Telling a single story from multiple perspectives is hardly an original narrative device. Books have been doing it for years, while the fact that it has become something of a trend in Hollywood in recent years shouldn't disguise the fact that film-makers like Robert Altman were using the technique decades ago.
And yet such smarty-pants narrative jiggery-pokery is still enough to have us punters oohing and ahhing with bewildered pleasure, like a caveman coming across a swanky Gaggia coffee maker. The reason is quite simple: we all like cleverly-constructed stuff, particularly when it makes us feel clever for enjoying it. It's this very same multi-faceted appeal that will draw you into Dragon Quest: The Chapters of the Chosen and past its extremely traditional RPG game mechanics.
The game sets out with a brief prologue, introducing you to a generic fantasy-RPG hero (whom you get to name) living in a typically verdant fantasy land. Wisely, the game moves on after mere minutes of play and switches its focus to another area of the world, placing you in control of the proud Royal Knight, Ragnar McRyan. Without wasting too much time you're set off on a mission to discover why the citizens of Burland are misplacing their children.
It's in this first chapter that you're introduced to the basics of moving about the world map and entering villages, castles and caves, engaging in conversations and buying equipment. The basic pace of walking around is pleasingly zippy, contributing to the sense of swift progression and momentum that the game so expertly creates.
It's also at this point that you're eased into the battle system, which is both turn-based (eek) and random (gulp). For those of you unfamiliar with the workings of your average role-playing game, randomly occurring battles that require you to take it in turns to attack your enemies (chess-style) are often seen as a bad thing, because they invariably become irritating and repetitive. Not so here.
Craftily circumventing rather than changing the standard RPG formula, Square Enix has kept the battles extremely slick and brief, without the laborious animations and labyrinthine menus of many other traditional Japanese RPGs. Levelling up - the process of improving your character's skills - is swift and rewarding, with new spells and abilities opening up constantly. While the system is neither particularly deep nor massively compelling (and the frequency of the battles is ever so slightly irksome) it's enjoyable and, most importantly, unobtrusive.
Back to the story and you'll no sooner have made a discovery in the case of the missing children and opened up a series of wider reaching questions when chapter one ends and you move onto chapter two, which concerns a precocious young princess. On you go for another couple of hours of entertaining adventuring and another sinister plot development before you're whisked off to yet another part of the game world for the start of chapter three.

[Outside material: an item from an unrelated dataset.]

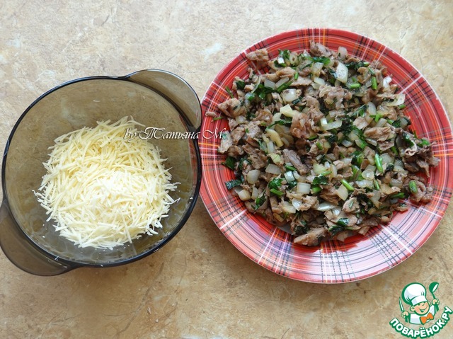 Начинку остудить, сыр натереть на терке;

In fact it's not until chapter five - some 10-12 hours in - that the game starts in earnest, as you resume the tale of your self-named hero. But you'll find something has changed since your underwhelming prologue meeting. This clichéd everyman (or woman) has somehow transformed into a mythical champion with the weight of the world on his shoulders. Your experiences over the preceding chapters - a snippet of incidental dialogue in here, a found text-book there - have partially fleshed out your reason for being, and you'll be desperate to fill in the blanks, and to reacquaint yourself with the characters you have come to know and love from this new perspective.
And it's character that stands as Dragon Quest's other outstanding achievement. Though fairly crudely drawn (this is a revamp of an 18-year-old game after all) the artistry with which the world and its characters have been rendered is outstanding. From the wide range of brilliantly expressive bad guys to the loveably wonky villages and varied terrain, you'll come to love spending time in this world. It's also received a welcome 3D make-over since the 8-bit original, meaning that you can rotate the camera with the shoulder buttons to get a better perspective on things.

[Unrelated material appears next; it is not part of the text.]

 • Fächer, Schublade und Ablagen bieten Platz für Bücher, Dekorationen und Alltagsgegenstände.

This level of care and attention to character is displayed in the script, too, which is full of good-natured humour and plenty of chucklesome moments. Don't let the cutesy fantasy setting fool you: this English translation has been written with a sophisticated modern audience in mind. There's a layer of humour operating at a level far removed from fairytale castles and damsels in distress.
It's refreshing too to see a game incorporate regional European accents and inflections into the dialogue as opposed to the usual North Americanisms. It adds so much more flavour and personality to proceedings to enter a region and find the inhabitants speaking in a Scottish or an Irish accent, or to come across an ostensibly evil demon speaking in an exaggerated French-English drawl. Of course, it's only rendered through text, but it's so well written that you'll hear the voices loud and clear in your head. Previous Dragon Quest releases have been praised for this side of things, so it's wonderful to see the good work continuing here.
Dragon Quest: The Chapters of the Chosen is a very intelligently constructed experience. At its heart it's as traditional as they come, and a bullet-point summary of the game's core features shows it up to be a mechanically unambitious and derivative gaming experience. What is in no way common is the way in which it sucks you in and holds your attention during the crucial early stages by repeatedly cutting away to a new set of lovingly-created characters long before you've grown bored of the last lot.
By the time you hit the business end of Dragon Quest: The Chapters of the Chosen even those of you who are sick to death of traditional RPGs will be well and truly hooked on a sprawling adventure with a well written script and a likeable ensemble cast. It's a twist you're not likely to have seen coming. Very clever indeed.